My Random Forest is very slow

sylvaticus · August 24, 2020, 7:56pm

I implemented Decision Tree and Random Forest classifiers/regressions based originally on Josh Gordon’s code in Python.

The problem is that building the forest is very slow… It is said everywhere that one of the advantages of random forests is that it is computationally cheap, but my implementation takes around 10 minutes to train a 30-trees forest out of just 5k records… Where I go wrong? Too many small functions?

These are the two main functions, the full code is here:



"""

   buildTree(x, y, depth; maxDepth, minGain, minRecords, maxFeatures, splittingCriterion, forceClassification)

Builds (define and train) a Decision Tree.

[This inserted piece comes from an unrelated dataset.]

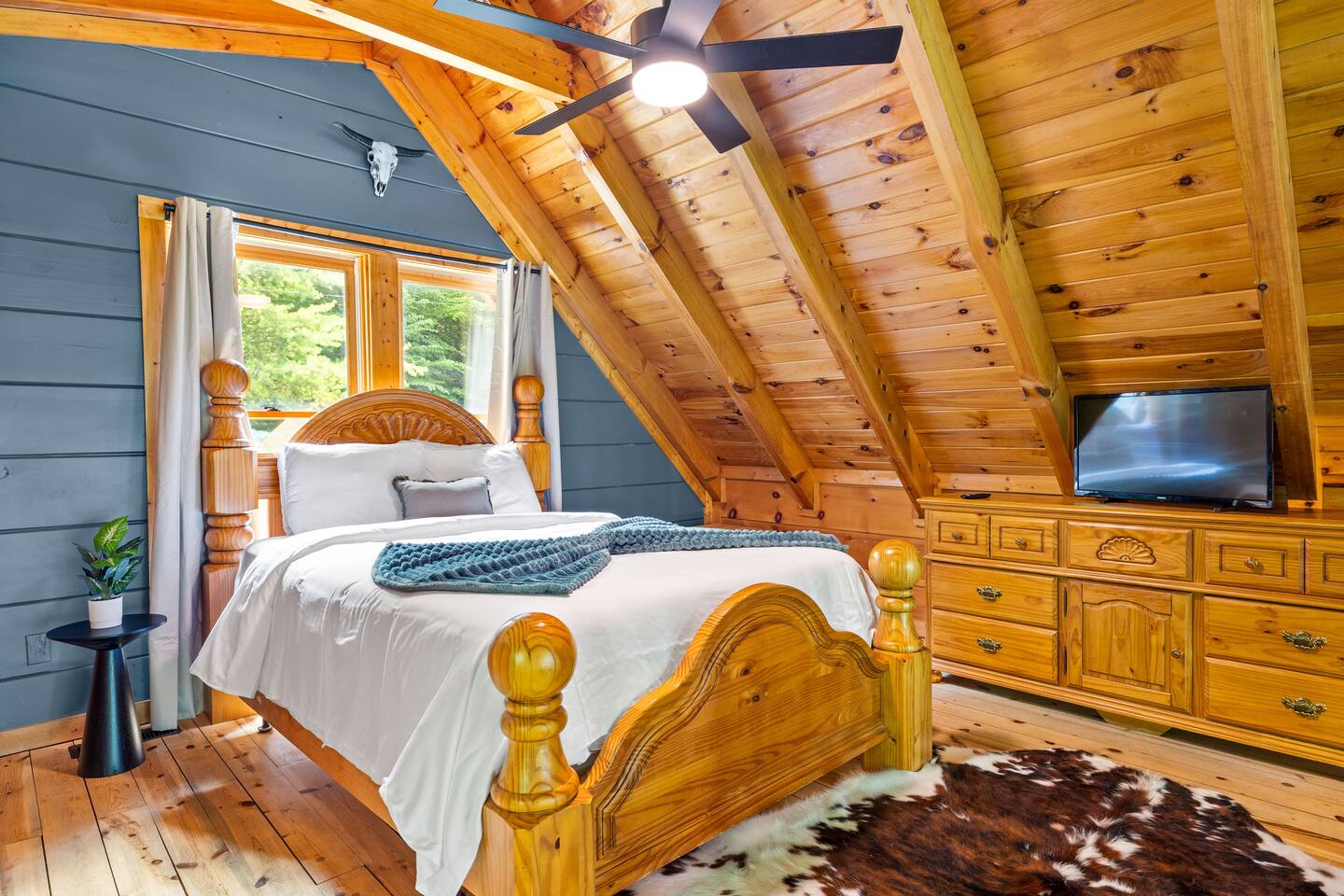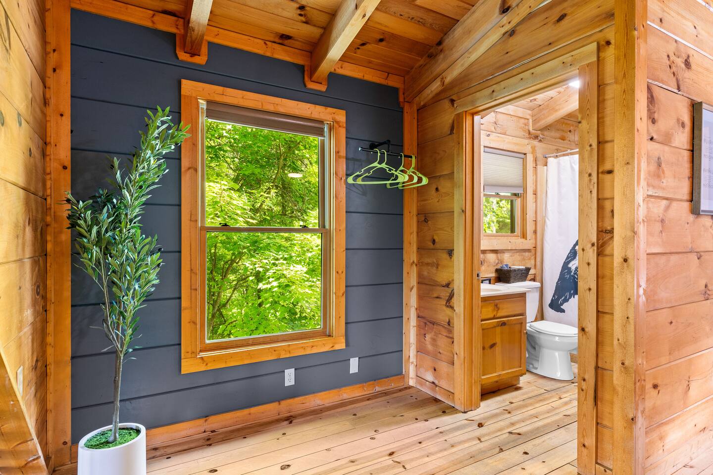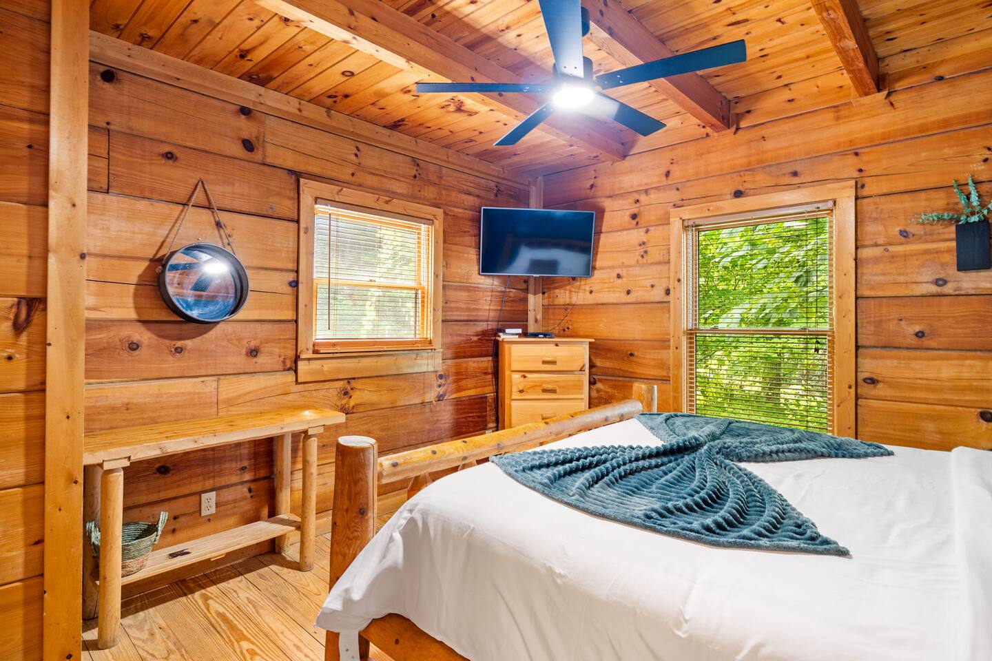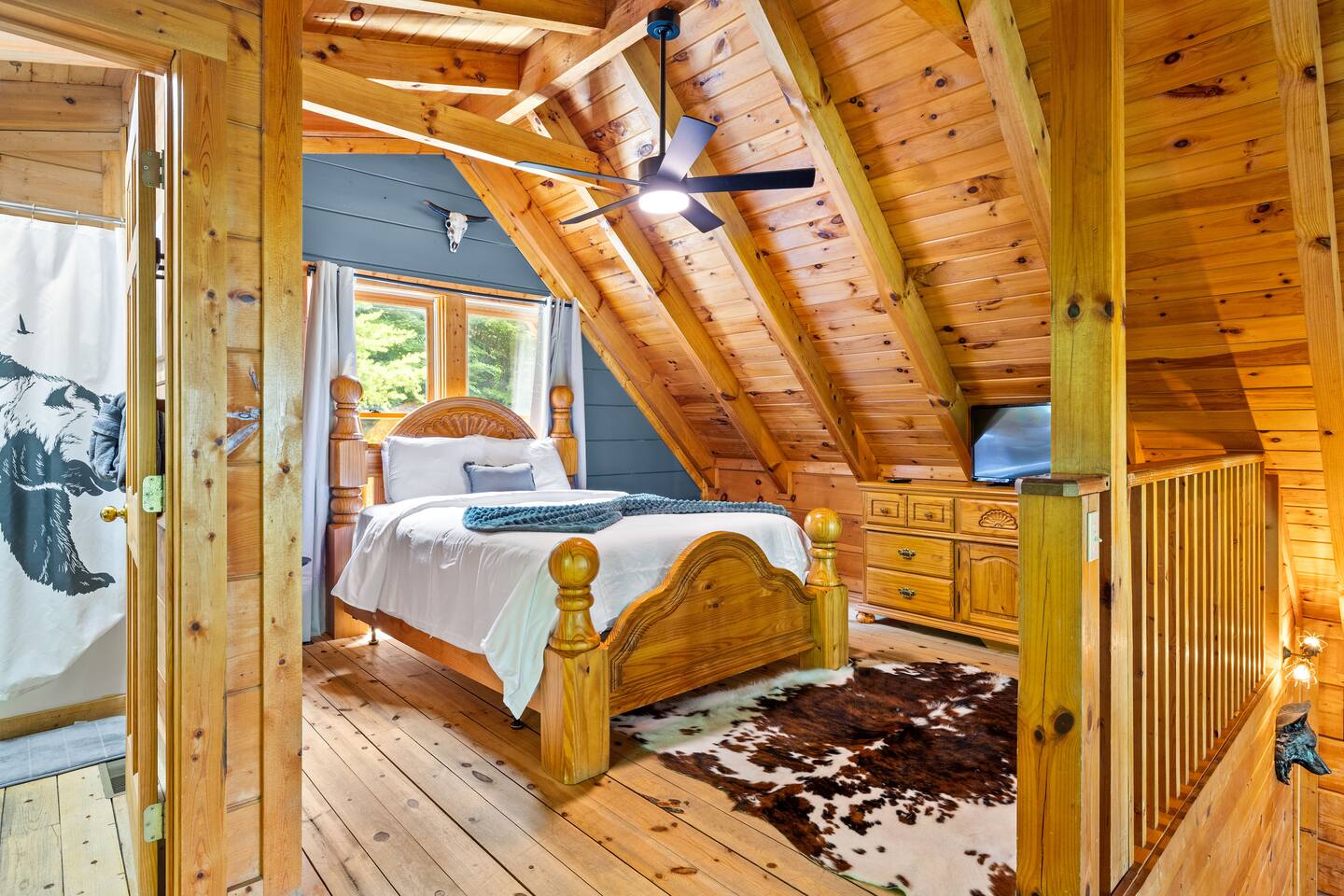 Stay in this homey cabin and access amazing amenities, including a laundry, game room, hot tub, Apple TVs, and high-speed WiFi. Free parking is available on the driveway, with additional street parking. The outdoor cameras on the driveway are for your peace of mind, and the home features a smart lock for convenient and smooth check-in. Please note there is a Ring Flood Light security camera located at the front and side of the cabin facing the parking and entrance for your security. There are no cameras inside the property. *We’ve made some fun updates downstairs! The bunk beds are now in the game room so everyone can be right by the pool table, and the old bunk room has been transformed into a cozy corner perfect for relaxing.

Given a dataset of features `x` and the corresponding dataset of labels `y`, recursivelly build a decision tree by finding at each node the best question to split the data untill either all the dataset is separated or a terminal condition is reached.
The given tree is then returned.

# Parameters:
- `x`: The dataset's features (N × D)
- `y`: The dataset's labels (N × 1)
- `depth`: The current tree's depth. Used when calling the function recursively [def: `1`]
- `maxDepth`: The maximum depth the tree is allowed to reach. When this is reached the node is forced to become a leaf [def: `N`, i.e. no limits]
- `minGain`: The minimum information gain to allow for a node's partition [def: `0`]
- `minRecords`:  The minimum number of records a node must holds to consider for a partition of it [def: `2`]
- `maxFeatures`: The maximum number of (random) features to consider at each partitioning [def: `D`, i.e. look at all features]
- `splittingCriterion`: Either `gini`, `entropy` or `variance` (see [`infoGain`](@ref) ) [def: `gini` for categorical labels (classification task) and `variance` for numerical labels(regression task)]
- `forceClassification`: Weather to force a classification task even if the labels are numerical (typically when labels are integers encoding some feature rather than representing a real cardinal measure) [def: `false`]

# Notes:

Missing data (in the feature dataset) are supported.
"""
function buildTree(x, y, depth=1; maxDepth = size(x,1), minGain=0.0, minRecords=2, maxFeatures=size(x,2), splittingCriterion = eltype(y) <: Number ? "variance" : "gini", forceClassification=false)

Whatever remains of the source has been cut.